Yesterday MET broadcasted Gounod’s “Roméo et Juliette” with Plácido Domingo on podium leading the Metropolitan orchestra and Chorus with singers: Anna Netrebko, Isabel Leonard, Roberto Alagna, Nathan Gunn and Robert Lloyd.

Although Domingo is trying to conduct for over 30 years I think for the last 10 year he does it more and more frequently. I never paid attention too much for Domingo’s conducting and the last MET broadcast I did pay attention to it. The Metropolitan played no better then they uselessly do but also not too much worse then they do in the hands of “famed conductors”. In fact, this time, during some moments MET was very good.
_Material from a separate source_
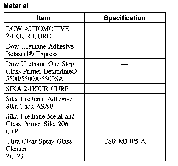 - Be sure to use the same brand and cure-rate products for the adhesive and primer. Do not mix different brands of urethane and primer. Refer to the Material Chart in this procedure.

So, I think the attention should be given in future to Domingo as a conductor.

The MET performance of “Romeo & Juliette” in general was OK, not great by OK. The Netrebko did her Netrebkonisms that I am not too thrilled, the orchestra was OK, the compression of the broadcast was s usealsy too high... This Metropolitan production was not at the level of the transcending Metropolitan’s “Romeo & Juliette” with Bidu Sayao and Jussi Björling lead by raised in Odessa Emil Cooper. It was more like MET- dally performance. Still Plácido Domingo’s with baton left a pleasant feeling. The Metropolitan orchestra is strong with high performing inertia and it does require some skills do not ruin it…

The Cat


"I wish I could score everything for horns." - Richard Wagner. "Our writing equipment takes part in the forming of our thoughts." - Friedrich Nietzsche
12-29-2007 Post does not mapped to Knowledge Tree
dazzdax
Netherlands
Posts 32
Joined on 10-22-2005

Post #: 2
Post ID: 6233
Reply to: 6133
Domingo as conductor
I've heard this performance of Roméo et Juliette during a live broadcast on Dutch radio. Placido Domingo as a conductor: a reliable conductor but further nothing special. Placido is of course singer in the first place. It becomes clear to me that he is treating the orchestra as one big voice generating apparatus with giant vocal cords. But a singer is a singer and an orchestra is an orchestra: they require different techniques and method of phrasing. I think Placido phrases his orchestra in the same way a singer does when he is singing: it is sometimes too "belcanto" and too "pretty" for me.